Of Commerce, Prudence, and Industry in Winnipeg

Articles

By Barbara Romanik

Is Canadian writing post-national? Is this a trick question? Here in Winnipeg? Here in the gassy belly, or the indigestion-ridden centre of Canada? Perhaps bloated and floating like an air pocket in Canada’s gut, I can gnaw at the truth and be contradictory. I can read national and write post-national.

Agriculture Canada by day, South Main St.

Because what I’m studying right now is early twentieth-century Canadian prairie writing, I am reading Ralph Connor, Robert Stead, and Adele Wiseman. If I were reading this stuff in Toronto, someone, maybe the editors of BRICK, would stage an intervention.

AgCan building at night

But here in Winnipeg, I feel like it’s not only geography acting on me. I mean I don’t feel post-national when I walk south of Portage and Main (going north might prove problematic and dangerous in the middle of the night). But when I walk south of Portage and Main, something about these buildings reminds me how we haven’t yet found new ways of thinking about ourselves here in the lower belly of Canada. Our worlds are still very much overshadowed by the early twentieth century myth of nation building and resource extraction. Just look at the Agriculture Canada building at 269 Main with its grain motif. Don’t tell me that if you squint its architecture isn’t slightly reminiscent of Third Reich propaganda films?

VIA Station on Main St.

Or the Union Train Station. Although it’s VIA Rail whenever I see it, I keep thinking of trains, and trains of people. Nothing about it makes me think post or outside of physical labour, the physicality of bodies, of sweat, heat and the cold.

The term post-national implies that we may have all at some point been and written national. As an immigrant perhaps like some Indigenous writers, I have never felt the privilege of being on the inside, of being fully national or Canadian. And so I am sceptical about this post-national sleight of hand, the dismissal of the history and reality of marginalization and colonization. As if it just came from the outside, from Britain and then the States. As if the people (writers included) who have made their home in Canada for several generations are not responsible for their actions. As if they lacked free will and judgment.

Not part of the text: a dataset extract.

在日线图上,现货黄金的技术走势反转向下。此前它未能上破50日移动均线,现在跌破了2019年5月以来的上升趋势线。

Portage and Main in spring

My point is that as much as we may aspire toward modernity and originality we can’t take the national out of post-national. If we have something to say as writers that is. Critics will come up with ways to talk about what we are doing, trust me I am one of them, but we don’t have to make it easy for them. After all, I am finishing a novel that is set mainly in Warsaw and Chicago, with chapters in London, Kolkota, and even in Edmonton and Fredericton. Do I hope my book’s themes resonate for a wide audience? Yes, I do. Do I hope my novel gestures towards a new way of seeing ourselves, our worlds, and that it offers something to the future? Of course, I do. But I also hope it speaks to the past, to the history of Canada—the general and the specific one which is mine.

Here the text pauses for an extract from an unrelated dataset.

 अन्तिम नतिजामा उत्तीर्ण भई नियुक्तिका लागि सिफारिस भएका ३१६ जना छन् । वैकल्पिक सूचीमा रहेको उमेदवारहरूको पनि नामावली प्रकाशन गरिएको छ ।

For me, the most interesting Canadian writers are the ones who are reaching towards the future, with one foot in the past. So with that in mind I will suggest three Canadian books that I will make my students read if someone is foolish enough to ever let me teach literature: Michael Ondaatje’s Coming Through Slaughter (1976), Dionne Brand’s A Map to the Door of No Return (2001) and Marvin Francis’s city treaty (2002). I know I am supposed to say something literary but really all I can say is that these authors get IT. Madness, racism, colonialism, they get at the things that most Canadians learn to keep neatly tucked in their closets or under their beds. Yet at the same time Ondaatje, Brand and Francis have managed to write books that you really just want to take home and fuck. They’re that good. And I don’t mean the one night stand kind of fuck but the I’m taking you hostage, love of your life kind of a thing.

Robin's Donuts on York

So on this night, I retreat from Portage and Main and seek out sugar at Robin’s Donuts at Fort and York. In the artificial light, listening to the banter of the heavily made-up cashier and one of her regulars, I’m inspired to compare Winnipeg to a donut hole. It’s a very strange place to be—in it I feel completely immobilized and silent, one minute, and fearless and free to say what needs to be said, the next. Perhaps as a writer and a critic it’s the best place to be.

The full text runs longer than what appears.